How government agencies are digitising their workforces

Australian government departments have been notoriously slow to replace legacy paper-based processes with new, digital services. Digitisation programs amongst agencies have delivered mix results in recent years.

Australian government departments have been notoriously slow to replace legacy paper-based processes with new, digital services. Digitisation programs amongst agencies have delivered mix results in recent years.

Agencies are now under more pressure than ever to not only digitise existing products and processes but meet the needs of an emerging culture, driven largely by younger people, who demand a seamless digital experience all the time and from any device.

Senior tech executives from federal government agencies gathered in Canberra recently to discuss how they are creating a digital workplace and the challenges they face in doing so. The luncheon was sponsored by Box.   

Box’s Anthony Holland says agencies facing cultural and technical challenges around the creation of digital services should avoid the time-consuming approach of developing detailed requirements for a new initiative. Instead, they should use a small pilot or proof-of-concept project to get started, gain experience and refine requirements.

“Find a keen user group to validate the benefits, get stakeholder support, champion the initiative and give momentum to the project,” Holland says.

He adds that one Canberra agency has established a digital workplace for its staff with tools like Box, Office 365 and DocuSign supporting heightened collaboration, more fluid processes and secure mobility.

“The paperless, compliant processes enable secure collaboration between agency staff, the minister, external agencies, contractors and other external parties,” he says.

“The agency is experimenting with AI technologies to sift through large volumes of content, for example, to detect duplicate charges in vendor invoices and avoid duplicate payments. This process used to require laborious manual processing is now largely automated. They are also using Box Skills to create transcripts of audio files, making it easier and quicker for staff to perform audits.”

David Wong, chief information officer at the National Library of Australia, says the library is encouraging publishers to deposit digitally to support the transition from physical to digital.

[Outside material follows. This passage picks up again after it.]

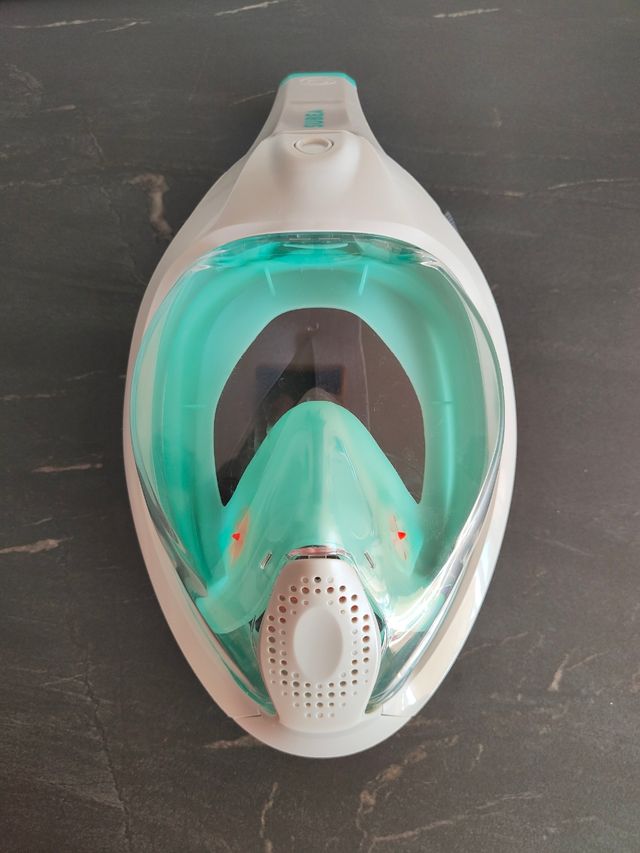 Detalles del productoMáscara de snorkel Easybreath 900 (de Decathlon) en color blanco y turquesa.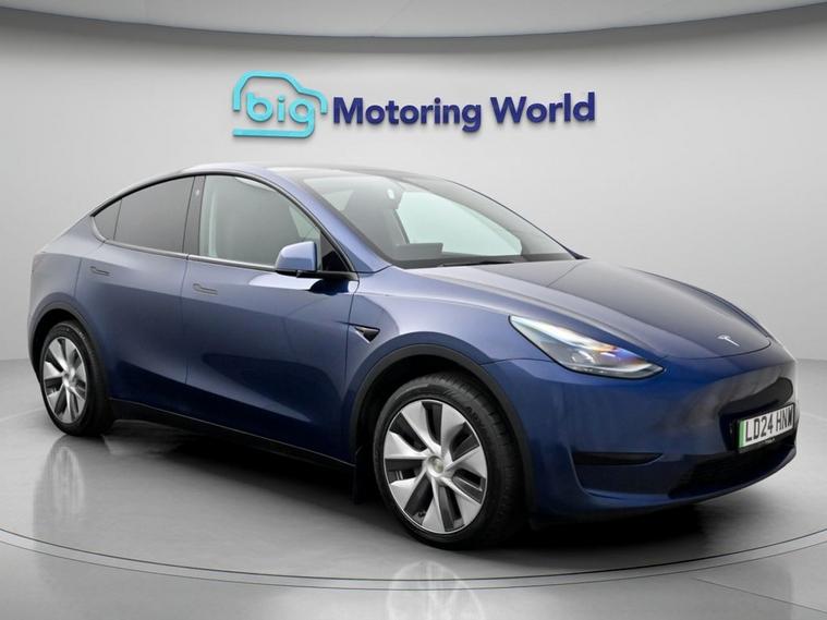Our Tesla Model Y is finished in Blue. Specification includes a range of fantastic features including Panoramic Roof, Leather Seats, Satellite Navigation, Privacy Glass, Heated Seats, Wireless Phone Charging, Rear View Camera, Heated Rear Seats, Heated Steering Wheel, Bluetooth Specification information is supplied by CAPHPI and may vary to the actual car. This data does not form any part of a buying contact. Please check specification prior to purchase in-store. The MOT is valid until April 2027, visit dealer's website for more photos, a 360 tour, service history and a free HPI report.

“We have an automated system that accepts bulk deposits and takes care of processing from end-to-end, benefiting publishers and the library.

Dealing with legacy

Tech chiefs often feel bogged down by the need to support legacy systems and it can be difficult to decide which infrastructure needs a facelift to support their digital programs.

“To be honest, it’s challenge prioritising projects,” says Wong. “We’ve recently completed transformation of back-end infrastructure so the current focus has been on public-facing systems. We need to do some work to ensure our workflows and platforms are scalable and sustainable into the future and tap into opportunities that artificial intelligence may offer.”

Vincent Nguyen, national senior manager, web & digital, at St Vincent de Paul Society National Council of Australia, says that his organisation develops a business case to evaluate the benefits, costs and risks of each digital project.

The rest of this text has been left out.